In the course of all this, the last shreds of Mary's popularity vanished, to be replaced by disgust. Her pregnancy, which turned out to be a phantom, became a national joke. There were plots to murder her. One William Fetherstone, who was later mutilated and whipped as punishment, claimed to be Edward VI returned to assign his harridan half-sister to Hell.
With anarchy raging around her, even Mary had to admit that the false paradise she had built for herself was crumbling away. The child she longed for had never existed. The faith she hallowed was loathed and slandered by her subjects. Elizabeth, the half-sister she hated, was enjoying a peak of popularity. And perhaps more bitter than any of these, her adored husband was tiring of her and itched to leave England. Philip left on 3rd September 1555, to escape the cloying attentions of his aging wife. From her apartment at Greenwich, Mary watched Philip step aboard the state barge, tears flooding down her face. Except for a few months in 1557, she never saw Philip again, and even then, he returned only to pester her for money to help finance a war against the Papal States.
After Philip left again in July 1557, Mary persuaded herself that she was once more pregnant. It was all she had to cling to, as she faced more rumours of murder plots, more threats of revolt, more furor over the burnings and a new indication of her subjects' total disenchantment: the new religion was defiantly and openly practiced again, and the Catholic churches once filled by fear or resignation were empty. As if this were not enough, the French took advantage of Philip's preoccupations to seize Calais, early in 1558. This last English possession in France was something of a symbol to the public, and its capture was greeted with howls of rage and resentment.
By the end of October 1558, having kept up the fiction for over a year, Mary was finally forced to concede that her second child had been as much a myth as the first. She also realized that despite her constant pleas and prayers, Philip would never come back to her. Mary's failure as a woman, Queen and Catholic could hardly have been more complete. By mid-November, her spirit had broken and she was dying. Her last days were embittered by the knowledge that already the embryo of a Protestant, anti-Spanish court was gathered around Elizabeth, her successor.
When the news spread that Mary's end was near, Londoners prepared once more to celebrate, and when she expired, just after 7:00 a.m. on 17th November, joyous bells pealed out all over the city, and there was dancing in the streets.

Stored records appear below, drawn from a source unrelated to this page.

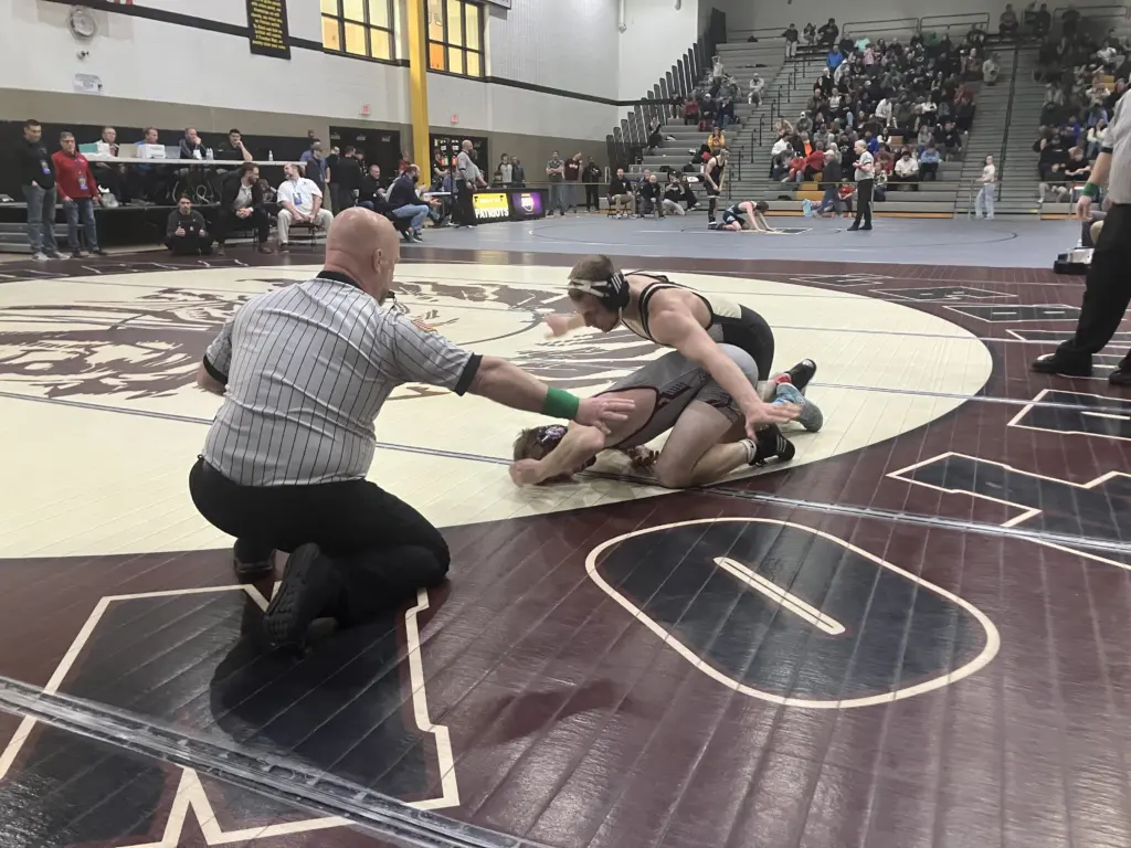 In the 107-pound final, North Schuylkill’s Gaige Mentusky scored the first takedown, but Wolfgang quickly worked off bottom with a reversal. A hammer on top, Wolfgang (35-7) turned Mentusky with legs and a half nelson for the fall in 1:30. Wolfgang defeated all three district opponents by first-period falls.
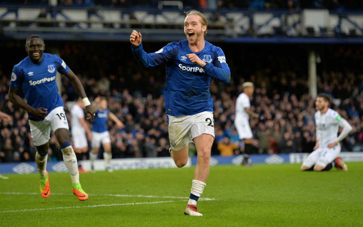 Soccer Football - Premier League - Everton vs Crystal Palace - Goodison Park, Liverpool, Britain - February 10, 2018 Everton's Tom Davies celebrates scoring their third goal REUTERS/Peter Powell
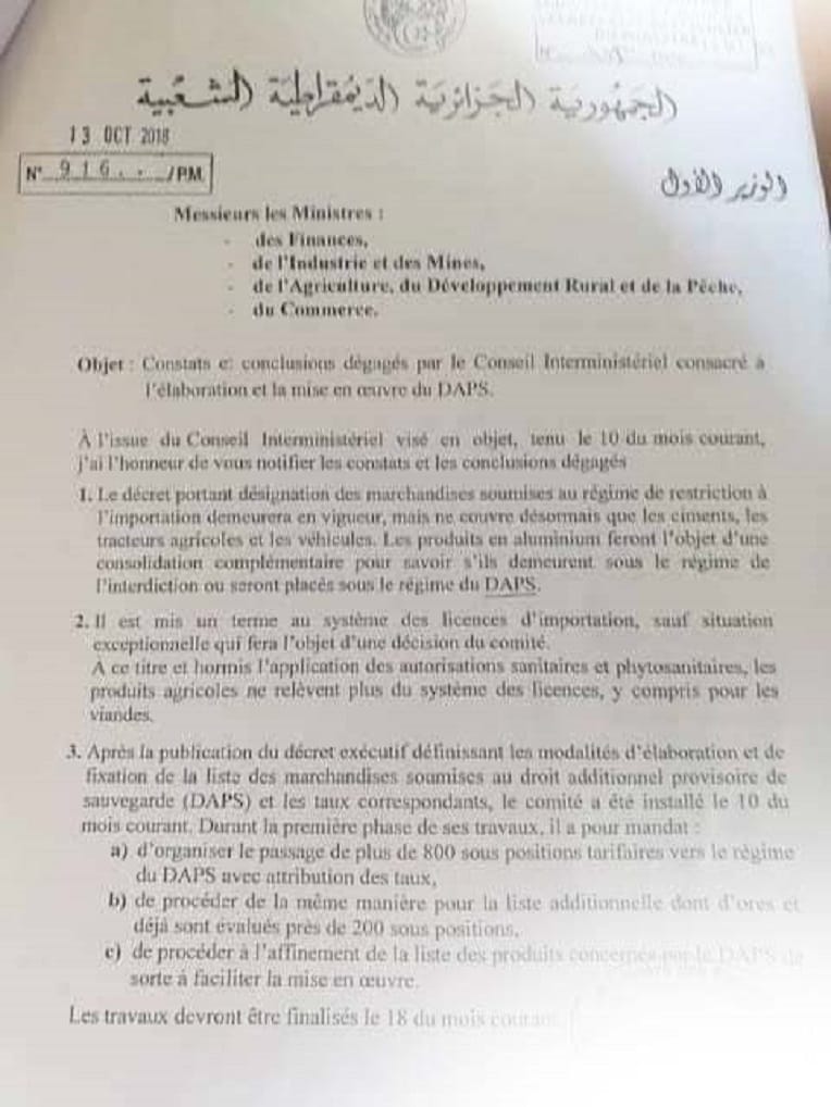 Décidé dans le projet de loi de Finances 2018, ce droit additionnel provisoire de sauvegarde doit être appliqué aux importations de certains produits finis qui sont actuellement soumis à la suspension provisoire à l’importation.
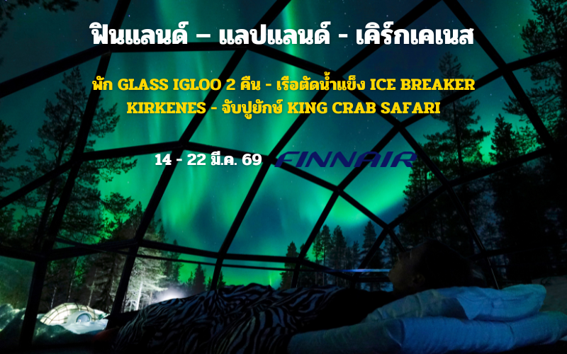 - 1พักโรงแรมกระจก GLASS IGLOO 2 คืน (สะดวกสบายมีห้องอาบน้ำในตัว) ประเทศฟินแลนด์
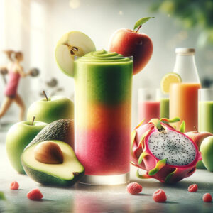 Introducing the “Triple Essence Smoothie” – a trendy, health-focused beverage that combines the unique flavors and nutritional benefits of apples, avocados, and dragon fruit into a delicious, vibrant drink. This smoothie caters to the wellness-conscious consumer, drawing inspiration from the influential tech leaders Bill Gates, Jeff Bezos, and Elon Musk, and their likened fruits, to create a blend that’s not only good for you but also symbolizes innovation, versatility, and foundational health.
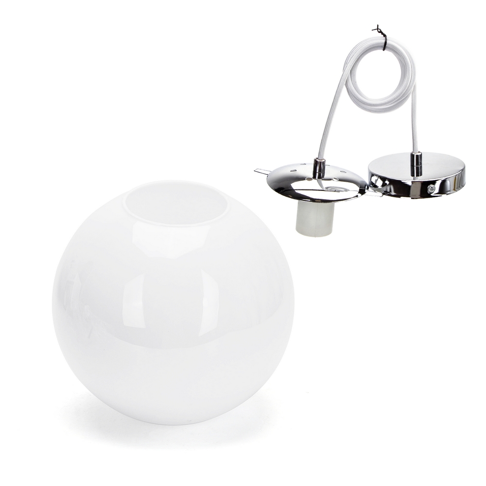 Questo modello è costruito in metallo, mentre la sfera è completamente di vetro e di colore bianco. Il design rende il lampadario ideale per dare un tocco di eleganza e semplicità all’ambiente.
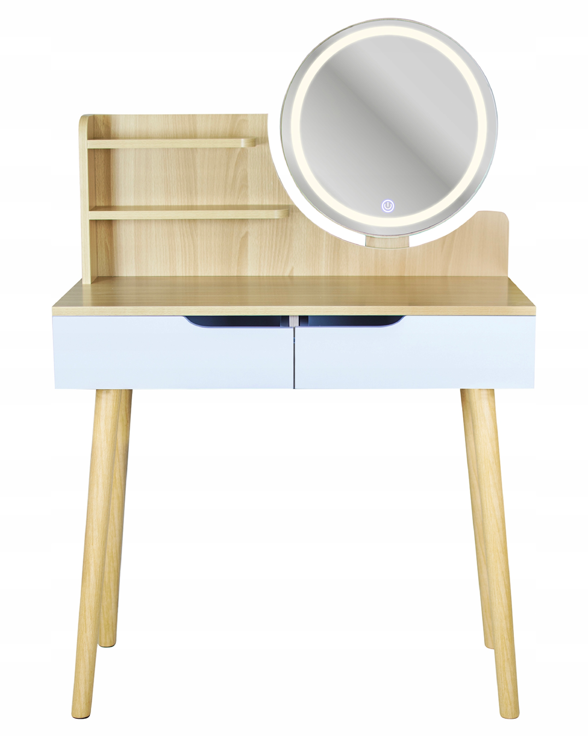 Przedstawiamy nowoczesną toaletkę z lustrem LED w modnym białym kolorze z dodatkiem jasnego buku. To praktyczny i stylowy mebel, który doskonale sprawdzi się w sypialni, garderobie czy pokoju nastolatki.
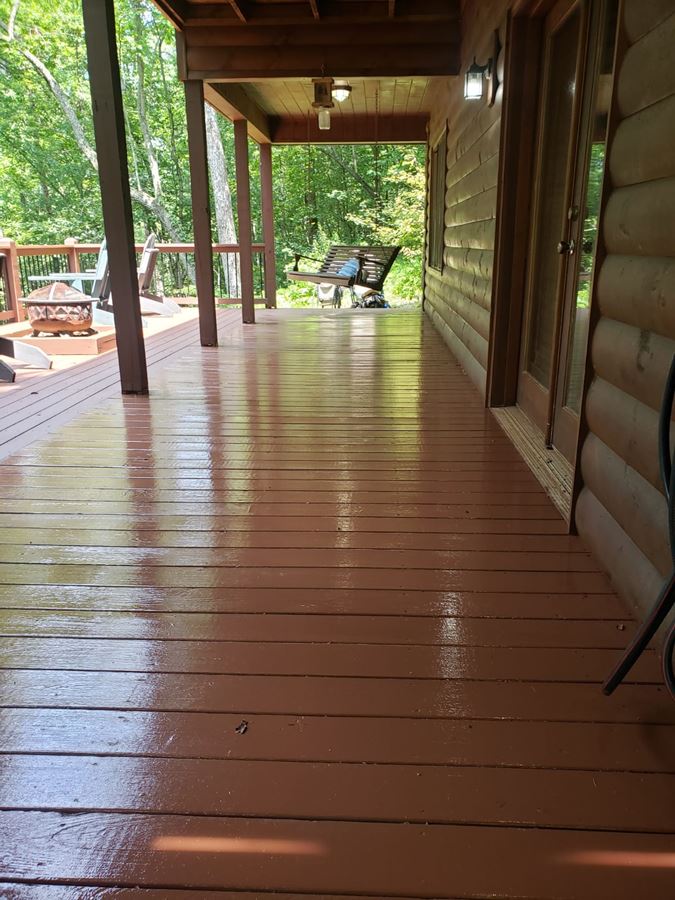 This beautiful cabin in Blue Ridge, GA had an expansive deck that needed restained. The owner called us in because they knew this was our specialty. The final stain application looked great and they were very happy!

Time did little to mute the hatred and loathing in which Mary was held. For decades afterward, the anniversary of her death was regarded as a holiday and a festive occasion. Soon, there grew the specter of Bloody Mary, a cruel, vengeful Queen, shackling her people to a religion they despised and a foreign power they detested. Today, the image still remains of a ghoulish female, reveling in the gore of the Protestant martyrs. It will, no doubt, persist, despite any proof that Mary might have been more misguided than murderous, and more foolish than fearsome. For if anyone was ill-starred it was Mary Tudor. Few monarchs of England have been so completely robbed of achievement by Nature. Yet, at the same time, few did quite so much and so diligently to compound their own misfortunes and seal their own fate.